[The records]:
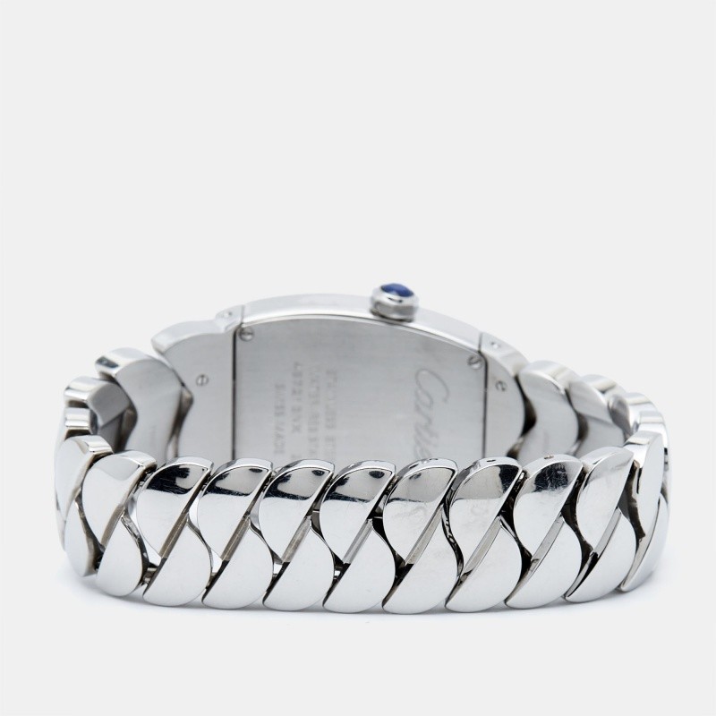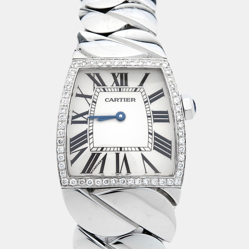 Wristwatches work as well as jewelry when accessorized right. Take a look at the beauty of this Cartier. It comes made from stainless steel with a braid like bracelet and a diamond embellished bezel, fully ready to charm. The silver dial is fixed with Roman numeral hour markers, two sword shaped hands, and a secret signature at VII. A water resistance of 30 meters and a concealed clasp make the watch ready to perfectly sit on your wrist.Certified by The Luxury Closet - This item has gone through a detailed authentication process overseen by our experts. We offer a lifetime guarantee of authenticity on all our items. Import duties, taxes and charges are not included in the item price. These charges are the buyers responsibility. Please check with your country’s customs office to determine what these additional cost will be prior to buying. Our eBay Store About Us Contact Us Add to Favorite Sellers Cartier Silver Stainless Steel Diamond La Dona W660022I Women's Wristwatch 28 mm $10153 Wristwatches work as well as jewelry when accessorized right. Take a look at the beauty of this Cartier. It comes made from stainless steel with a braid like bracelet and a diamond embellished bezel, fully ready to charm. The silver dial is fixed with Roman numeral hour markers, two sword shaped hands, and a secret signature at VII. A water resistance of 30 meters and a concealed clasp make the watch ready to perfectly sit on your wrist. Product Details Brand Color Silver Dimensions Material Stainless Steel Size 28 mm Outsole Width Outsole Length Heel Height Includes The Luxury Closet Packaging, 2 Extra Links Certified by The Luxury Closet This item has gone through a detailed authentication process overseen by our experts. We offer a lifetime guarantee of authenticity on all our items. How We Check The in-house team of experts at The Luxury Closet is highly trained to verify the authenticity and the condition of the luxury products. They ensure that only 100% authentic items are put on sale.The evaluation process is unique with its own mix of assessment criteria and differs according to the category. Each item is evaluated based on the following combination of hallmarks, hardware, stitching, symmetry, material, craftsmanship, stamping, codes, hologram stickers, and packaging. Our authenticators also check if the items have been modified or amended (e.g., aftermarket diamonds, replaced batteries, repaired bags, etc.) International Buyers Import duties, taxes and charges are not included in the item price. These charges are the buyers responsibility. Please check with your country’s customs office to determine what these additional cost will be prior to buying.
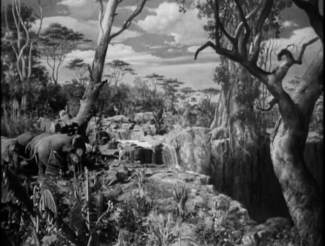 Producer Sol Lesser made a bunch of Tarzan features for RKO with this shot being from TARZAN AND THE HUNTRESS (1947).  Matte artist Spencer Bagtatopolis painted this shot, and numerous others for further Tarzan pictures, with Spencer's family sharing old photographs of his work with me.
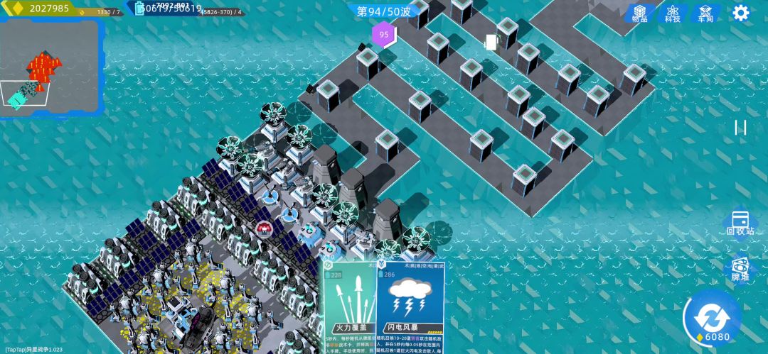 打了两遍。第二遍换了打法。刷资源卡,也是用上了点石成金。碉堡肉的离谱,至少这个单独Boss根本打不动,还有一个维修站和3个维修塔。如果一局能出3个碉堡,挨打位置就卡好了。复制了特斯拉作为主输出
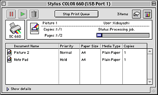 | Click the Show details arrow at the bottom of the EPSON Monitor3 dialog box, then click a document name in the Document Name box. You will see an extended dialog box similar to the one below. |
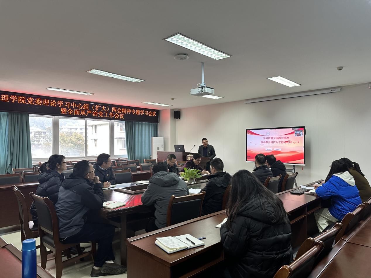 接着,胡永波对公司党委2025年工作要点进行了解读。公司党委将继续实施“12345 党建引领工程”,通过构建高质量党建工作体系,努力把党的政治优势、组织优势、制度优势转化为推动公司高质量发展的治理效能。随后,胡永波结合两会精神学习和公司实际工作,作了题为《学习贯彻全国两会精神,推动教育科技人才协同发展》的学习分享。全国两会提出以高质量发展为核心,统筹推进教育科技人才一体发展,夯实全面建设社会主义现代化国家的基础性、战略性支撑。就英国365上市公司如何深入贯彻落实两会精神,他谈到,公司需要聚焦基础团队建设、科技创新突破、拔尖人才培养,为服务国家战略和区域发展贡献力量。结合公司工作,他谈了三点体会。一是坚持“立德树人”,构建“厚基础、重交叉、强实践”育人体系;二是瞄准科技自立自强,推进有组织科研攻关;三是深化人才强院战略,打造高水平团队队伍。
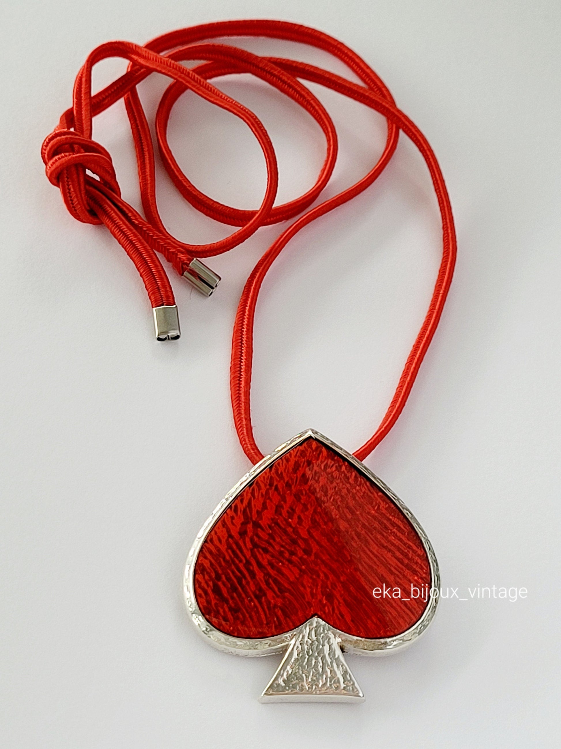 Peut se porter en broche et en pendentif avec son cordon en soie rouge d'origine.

[Exercise]: Without the pictures, set down every entry exactly.

[Finished exercise]:
 Wristwatches work as well as jewelry when accessorized right. Take a look at the beauty of this Cartier. It comes made from stainless steel with a braid like bracelet and a diamond embellished bezel, fully ready to charm. The silver dial is fixed with Roman numeral hour markers, two sword shaped hands, and a secret signature at VII. A water resistance of 30 meters and a concealed clasp make the watch ready to perfectly sit on your wrist.Certified by The Luxury Closet - This item has gone through a detailed authentication process overseen by our experts. We offer a lifetime guarantee of authenticity on all our items. Import duties, taxes and charges are not included in the item price. These charges are the buyers responsibility. Please check with your country’s customs office to determine what these additional cost will be prior to buying. Our eBay Store About Us Contact Us Add to Favorite Sellers Cartier Silver Stainless Steel Diamond La Dona W660022I Women's Wristwatch 28 mm $10153 Wristwatches work as well as jewelry when accessorized right. Take a look at the beauty of this Cartier. It comes made from stainless steel with a braid like bracelet and a diamond embellished bezel, fully ready to charm. The silver dial is fixed with Roman numeral hour markers, two sword shaped hands, and a secret signature at VII. A water resistance of 30 meters and a concealed clasp make the watch ready to perfectly sit on your wrist. Product Details Brand Color Silver Dimensions Material Stainless Steel Size 28 mm Outsole Width Outsole Length Heel Height Includes The Luxury Closet Packaging, 2 Extra Links Certified by The Luxury Closet This item has gone through a detailed authentication process overseen by our experts. We offer a lifetime guarantee of authenticity on all our items. How We Check The in-house team of experts at The Luxury Closet is highly trained to verify the authenticity and the condition of the luxury products. They ensure that only 100% authentic items are put on sale.The evaluation process is unique with its own mix of assessment criteria and differs according to the category. Each item is evaluated based on the following combination of hallmarks, hardware, stitching, symmetry, material, craftsmanship, stamping, codes, hologram stickers, and packaging. Our authenticators also check if the items have been modified or amended (e.g., aftermarket diamonds, replaced batteries, repaired bags, etc.) International Buyers Import duties, taxes and charges are not included in the item price. These charges are the buyers responsibility. Please check with your country’s customs office to determine what these additional cost will be prior to buying.
 Producer Sol Lesser made a bunch of Tarzan features for RKO with this shot being from TARZAN AND THE HUNTRESS (1947).  Matte artist Spencer Bagtatopolis painted this shot, and numerous others for further Tarzan pictures, with Spencer's family sharing old photographs of his work with me.
 打了两遍。第二遍换了打法。刷资源卡,也是用上了点石成金。碉堡肉的离谱,至少这个单独Boss根本打不动,还有一个维修站和3个维修塔。如果一局能出3个碉堡,挨打位置就卡好了。复制了特斯拉作为主输出
 | Click the Show details arrow at the bottom of the EPSON Monitor3 dialog box, then click a document name in the Document Name box. You will see an extended dialog box similar to the one below. |
 接着,胡永波对公司党委2025年工作要点进行了解读。公司党委将继续实施“12345 党建引领工程”,通过构建高质量党建工作体系,努力把党的政治优势、组织优势、制度优势转化为推动公司高质量发展的治理效能。随后,胡永波结合两会精神学习和公司实际工作,作了题为《学习贯彻全国两会精神,推动教育科技人才协同发展》的学习分享。全国两会提出以高质量发展为核心,统筹推进教育科技人才一体发展,夯实全面建设社会主义现代化国家的基础性、战略性支撑。就英国365上市公司如何深入贯彻落实两会精神,他谈到,公司需要聚焦基础团队建设、科技创新突破、拔尖人才培养,为服务国家战略和区域发展贡献力量。结合公司工作,他谈了三点体会。一是坚持“立德树人”,构建“厚基础、重交叉、强实践”育人体系;二是瞄准科技自立自强,推进有组织科研攻关;三是深化人才强院战略,打造高水平团队队伍。
 Peut se porter en broche et en pendentif avec son cordon en soie rouge d'origine.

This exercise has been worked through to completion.